PHP
cpe:2.3:a:php:php:*:*:*:*:*:*:*
- < 8.5.6
- < 8.4.21
- < 8.3.31
- < 8.2.31
A NULL pointer dereference vulnerability has been identified in PHP versions 8.2.* prior to 8.2.31, 8.3.* prior to 8.3.31, 8.4.* prior to 8.4.21, and 8.5.* prior to 8.5.6. This vulnerability arises from a mismatch between encoding lists in the Oniguruma regex library and mbfl, PHP's internal encoding library. When user-controlled input influences the encoding passed to mb_regex_encoding(), it can lead to a segmentation fault, causing a denial-of-service condition. The issue occurs because Oniguruma supports certain encodings that mbfl does not, creating a scenario where the encoding is accepted by the regex library but results in a NULL value when processed by mbfl. This NULL value is then dereferenced, causing a segmentation fault and crashing the PHP process.

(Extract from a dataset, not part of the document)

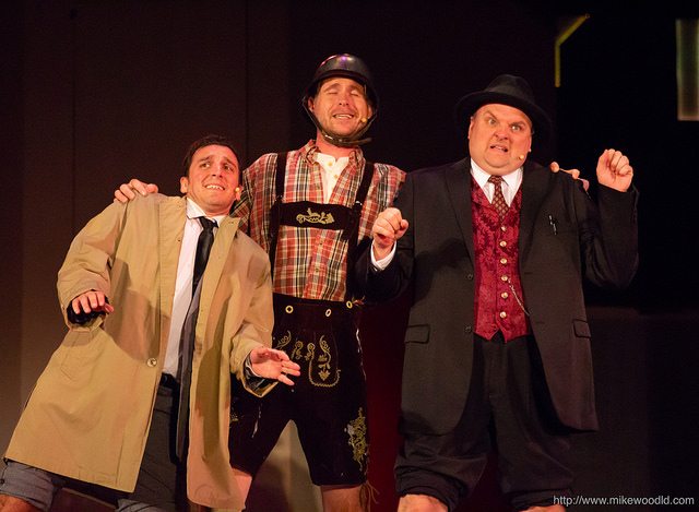 First, they find the worst imaginable play to accomplish their scam: the duo digs up a script that pays homage to, of all things, the Third Reich. Its pigeon-keeping Nazi playwright, Franz Liebkind (a feisty Jim Sorensen), submitted a long-buried script titled Springtime for Hitler. Then Max goes after the worst director he knows — a strutting peacock of stereotypical swish — Roger De Bris (a scene-stealing Scott Daniel) emerges in a ballgown and headdress that makes him look like the Chrysler Building. Roger’s entourage — including Emmanuel Carrero as Kute Kevin; Charles Logan, a flamboyant choreographer who exits the stage with a pliée and Alex Ringler, who’s simply perfect as snooty assistant Carmen Ghia–get some of the show’s biggest laughs.

Exploitation of this vulnerability reliably crashes the PHP process, causing a denial-of-service condition.
The vulnerability can be reproduced by calling 'mb_regex_encoding()' with an unsupported encoding, such as 'iso-8859-11'. This encoding is accepted by Oniguruma but not by mbfl, leading to a NULL pointer dereference when 'mb_ereg_search_init()' is used, causing a segmentation fault.
Users can upgrade to PHP versions 8.5.6, 8.4.21, 8.3.31, or 8.2.31 to address this vulnerability.